Safety end points included overall mortality at day 90, any intracranial hemorrhage, symptomatic intracranial hemorrhage, symptomatic edema (defined as brain edema with mass effect as the predominant cause of clinical deterioration), and other serious adverse events. In the ECASS III protocol, symptomatic intracranial hemorrhage was defined as any apparently extravascular blood in the brain or within the cranium that was associated with clinical deterioration, as defined by an increase of 4 points or more in the score on the NIHSS, or that led to death and that was identified as the predominant cause of the neurologic deterioration. To allow comparison with published data, a post hoc analysis of rates of symptomatic intracranial hemorrhage was also performed according to definitions used in other trials.^1,3,12,20

Statistical Analysis

Efficacy end points were assessed in the intention-to-treat population, which included all randomly assigned patients, whether or not they were treated. In the case of missing data on outcome among patients known to be alive, the worst possible outcome score was assigned. For the primary end point, between-group differences were calculated with the use of the chi-square test of proportions (with a two-sided alpha level of 5%). Ninety-five percent confidence intervals were calculated for odds ratios and for relative risk. In keeping with the study protocol, all predefined analyses were performed without adjustment for confounding factors. A post hoc adjusted analysis (logistic regression) of the primary end point was undertaken in the intention-to-treat population. This analysis was performed by including all baseline variables in the model and retaining those that were significant at P<0.10. For the secondary end point — the probability of a favorable outcome with alteplase as compared with placebo — a global odds-ratio test based on a linear logistic-regression model (a method that uses generalized estimation equations to perform a Wald-type test)^21,22 was used. For the per-protocol population (Figure 1), the same statistical tests were applied. The post hoc stratified analysis of scores on the modified Rankin scale was adjusted for the two most strongly prognostic baseline variables: the NIHSS score and the time to the start of treatment.¹⁹

The calculation of the sample size was based on the analysis of pooled data from the cohorts that received thrombolysis or placebo between 3 and 4.5 hours after the onset of symptoms⁵ (with data from the first ECASS trial³ excluded because of the higher dose of alteplase used in that trial). On the basis of these data, we calculated that 400 patients per group were required in order to have 90% power to detect an odds ratio of 1.4 for the primary end point.

Results

Study Patients

Between July 29, 2003, and November 13, 2007, a total of 821 patients from 130 sites in 19 European countries were randomly assigned to a study group: 418 patients were assigned to receive alteplase and 403 patients were assigned to receive placebo (Figure 1). Grouped according to 0.5-hour intervals, 10.0% of the patients were treated between 3 and 3.5 hours, 46.8% between 3.5 and 4 hours, and 39.2% between 4 and 4.5 hours (Table 2). (The values do not add up to 100% because data on the exact time of treatment initiation were not available for 12 patients in the alteplase group and 15 patients in the placebo group; in addition, treatment was initiated after 4.5 hours in 1 patient in the alteplase group and 5 patients in the placebo group.) Baseline demographic and clinical characteristics of the two groups were similar (Table 2), except that there were significant differences between the groups (before adjustment for multiple comparisons) with respect to the initial severity of the stroke and the presence or absence of a history of stroke.
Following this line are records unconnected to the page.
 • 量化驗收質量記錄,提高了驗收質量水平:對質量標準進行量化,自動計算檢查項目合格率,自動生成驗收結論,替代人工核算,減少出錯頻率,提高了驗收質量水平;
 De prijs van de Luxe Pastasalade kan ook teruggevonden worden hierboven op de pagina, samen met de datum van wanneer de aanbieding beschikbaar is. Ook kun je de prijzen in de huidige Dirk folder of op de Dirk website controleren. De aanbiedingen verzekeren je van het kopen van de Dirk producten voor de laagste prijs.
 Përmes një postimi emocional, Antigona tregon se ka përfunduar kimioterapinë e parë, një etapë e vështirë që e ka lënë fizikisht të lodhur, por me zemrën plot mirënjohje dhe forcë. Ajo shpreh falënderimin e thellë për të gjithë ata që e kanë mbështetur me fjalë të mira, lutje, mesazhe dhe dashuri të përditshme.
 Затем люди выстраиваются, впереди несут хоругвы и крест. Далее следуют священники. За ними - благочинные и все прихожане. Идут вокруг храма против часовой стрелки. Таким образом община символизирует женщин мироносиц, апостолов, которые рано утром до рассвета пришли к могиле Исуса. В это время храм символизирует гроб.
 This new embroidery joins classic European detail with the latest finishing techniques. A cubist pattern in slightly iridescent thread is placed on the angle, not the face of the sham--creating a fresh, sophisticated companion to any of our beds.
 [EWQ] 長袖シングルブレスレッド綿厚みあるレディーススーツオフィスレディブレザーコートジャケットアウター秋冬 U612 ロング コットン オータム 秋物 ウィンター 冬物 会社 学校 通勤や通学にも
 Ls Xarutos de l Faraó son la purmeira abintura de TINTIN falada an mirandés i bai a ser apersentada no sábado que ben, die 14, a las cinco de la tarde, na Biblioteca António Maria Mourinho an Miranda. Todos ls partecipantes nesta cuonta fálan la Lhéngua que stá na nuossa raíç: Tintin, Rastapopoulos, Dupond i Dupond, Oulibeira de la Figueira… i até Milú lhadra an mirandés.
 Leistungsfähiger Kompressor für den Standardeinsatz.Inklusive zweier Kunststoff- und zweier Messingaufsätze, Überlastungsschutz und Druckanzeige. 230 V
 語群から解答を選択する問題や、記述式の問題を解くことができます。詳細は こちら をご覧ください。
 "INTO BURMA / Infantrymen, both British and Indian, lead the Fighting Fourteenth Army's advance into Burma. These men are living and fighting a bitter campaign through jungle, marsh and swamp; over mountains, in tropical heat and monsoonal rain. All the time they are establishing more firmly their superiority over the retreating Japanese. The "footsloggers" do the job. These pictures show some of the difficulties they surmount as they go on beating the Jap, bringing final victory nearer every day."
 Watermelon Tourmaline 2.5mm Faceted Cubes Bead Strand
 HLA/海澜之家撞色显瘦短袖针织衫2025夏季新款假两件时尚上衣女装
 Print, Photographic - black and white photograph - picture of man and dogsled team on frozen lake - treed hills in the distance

View this table: [in this window] [in a new window]   Table 2. Demographic and Baseline Characteristics of the Patients.

 
Efficacy

For the primary end point, 219 of the 418 patients in the alteplase group (52.4%) had a favorable outcome (defined as a score of 0 or 1 on the modified Rankin scale), as compared with 182 of the 403 patients in the placebo group (45.2%), representing an absolute improvement of 7.2 percentage points (odds ratio, 1.34; 95% confidence interval [CI], 1.02 to 1.76; relative risk, 1.16; 95% CI, 1.01 to 1.34; P=0.04). In the post hoc intention-to-treat analysis, adjusted for confounding baseline variables (logistic regression), study-group assignment, baseline NIHSS score, smoking status, time from the onset of stroke to treatment, and presence or absence of prior hypertension were identified as significant at P<0.10. In the adjusted analysis, treatment with alteplase remained significantly associated with a favorable outcome (odds ratio, 1.42; 95% CI, 1.02 to 1.98; P=0.04) (Table 3 and Fig. S1 in the Supplementary Appendix, available with the full text of this article at www.nejm.org).

View this table: [in this window] [in a new window]   Table 3. Odds Ratios for Primary End Point and Secondary End Point, Including Components, in the Intention-to-Treat and Per-Protocol Populations at 90 Days.

 
Treatment with alteplase also resulted in a more favorable outcome than that with placebo for the secondary end point, as indicated by the global odds ratio. (Since the global odds-ratio test was based on a linear logistic-regression model, with generalized estimation equations used to perform a Wald-type test,^21,22 only probabilities, and not absolute numbers, for each treatment group can be provided.) The global odds ratio for a favorable outcome was 1.28 (95% CI, 1.00 to 1.65; P<0.05), indicating that the odds for a favorable outcome (the ability to return to an independent lifestyle) after stroke were 28% higher with alteplase than with placebo.

The overall distribution of scores on the modified Rankin scale is shown in Figure 2. The post hoc stratified analysis of scores on the modified Rankin scale at day 90 (performed with the use of the Cochran–Mantel–Haenszel test, with adjustment for the baseline NIHSS score and time to the start of treatment) also showed a favorable outcome with alteplase as compared with placebo (P=0.02).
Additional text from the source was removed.